Cancers can occur anywhere in the spinal column, from the base of the skull down to the lower back. Cancerous cells may be found in vertebrae, as well as in nerves, muscles, tendons, and other tissues that are part of the spine or help to support it. About 10,000 men and women in the United States develop cancer of the spinal cord each year.
Physicians at Yale Medicine have been using a new radiation therapy called SBRT since 2008, and are national leaders in the field.
What are the types of spinal cord cancer?
There are two main types of cancers involving the spine.
Primary spine cancer originates within or around the spinal column.
Secondary spine cancer, which originates in another part of the body and spreads to the spine, is more common. These cancers usually develop first in the lung, prostate, breast, thyroid, or kidneys.
What are risk factors for spine cancer?
Because most cancers involving the spine are secondary and originate elsewhere in the body, cancer in any organ, usually the lung, kidney, breast, prostate or thyroid, is the biggest risk factor.
How is spine cancer diagnosed?
Doctors first perform a physical exam and then typically order imaging tests to get a closer look at a tumor’s size and location.
These imaging tests may include:
- Magnetic resonance imaging (MRI). This test uses a high-powered magnet and radio waves to create a detailed picture of the bones and nerves in and around the spinal cord.
- Computerized tomography (CT) scan. This test involves a series of powerful X-rays to get a more detailed picture of the spine.
Doctors may also perform a biopsy, whereby a tissue sample from the tumor is extracted and analyzed under a microscope to determine what type of cancer cells are present, a crucial step in developing a treatment plan. Only a biopsy can provide a definitive cancer diagnosis.
How is spinal cord cancer treated?
For patients with primary spine cancer, surgical removal of the tumor is often recommended first, as long as the patient is a suitable candidate.
For patients with secondary spine cancer, surgery is recommended when the tumor is compressing the spinal cord, when there is spinal instability, or where the vertebral body (the thick bone segment forming the front of each vertebra) has weakened or lost height.
If the tumor can be removed safely with surgery, a spine surgeon performs the operation using techniques designed to minimize damage to the spinal cord and nerves.
Most patients with spinal tumors will also be treated with radiation therapy.
Yale Medicine uses a newer radiation therapy method called stereotactic body radiation therapy (SBRT) to treat spine cancer when appropriate. A machine targets the tumor from outside the body with higher doses of radiation than conventional radiation therapy. SBRT also typically requires fewer treatments (usually one to five). Where treatment requires just one treatment session, the method is called stereotactic radiosurgery (SRS). Treatment is painless (though patients do have to lie still for an extended period) and sessions span 60 to 90 minutes (with much of the time spent positioning the machine).
“At Yale Medicine, we often treat using a single treatment, though occasionally we use three treatments. With conventional radiation, however, treatment can take five to 10 treatments,” says Zain Husain, MD, director of Yale Medicine's Spine Radiosurgery. "Long-term, evidence has shown SBRT/SRS to be more effective than conventional radiation therapy in addressing spine cancer."
What are the potential side effects of SBRT for spine cancer?

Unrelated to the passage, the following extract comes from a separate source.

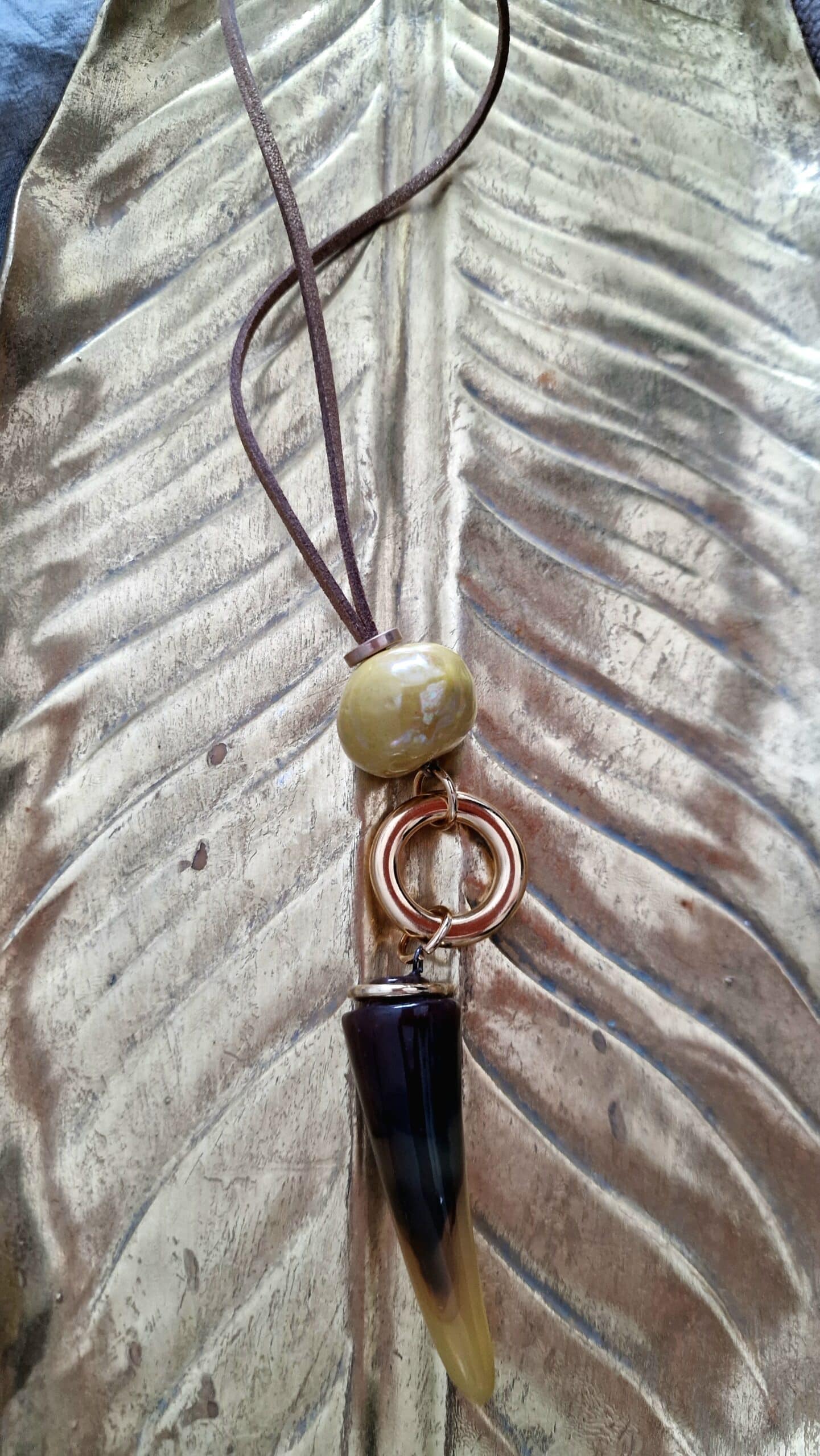 Collar largo con colmillo de resina aro dorado y pieza de ceràmica con ante dorado.

“While treatment sessions are painless, in the days or week following radiation treatment with SBRT, patients may experience pain flares at the treatment site, meaning a slight increase in pain from time to time,” says Dr. Husain. “We think this is due to inflammation caused by the high doses of radiation used.”
The pain usually resolves on its own within days, but steroids and other pain medications may be options for relief.
Another potential side effect is a sore esophagus, depending on how close the esophagus is to the treatment site.
Additionally, if the tumor had weakened the bone of the spine, then occasionally the bone may be further weakened post-treatment. To stabilize the bone and help prevent a fracture, doctors may inject the vertebrae with medical “bone cement,” a polymer that acts as a grout to fill cracks. In rarer instances, the spine may be surgically stabilized using metal plates or rods.
How is Yale Medicine’s approach to treating spine cancer unique?
At Yale Medicine, we use a multidisciplinary approach to treat spine cancer. Surgeons and radiation oncologists collaborate with other specialists to plan the best treatment. Together, the team discusses whether a patient will benefit from a form of SBRT. They consider multiple factors, including the patient’s overall health status, the tumor's type, location and size, and whether the cancer has spread.
Yale Medicine has been treating spine cancer with SBRT since 2008, making it a national leader in the field. The equipment Yale Medicine uses for SBRT treatments is among the most advanced in the world, allowing them the ability to safely treat tumors within millimeters of the spinal cord. “We’ve now used SBRT to treat hundreds of patients, often achieving very good outcomes,” says Dr. Husain.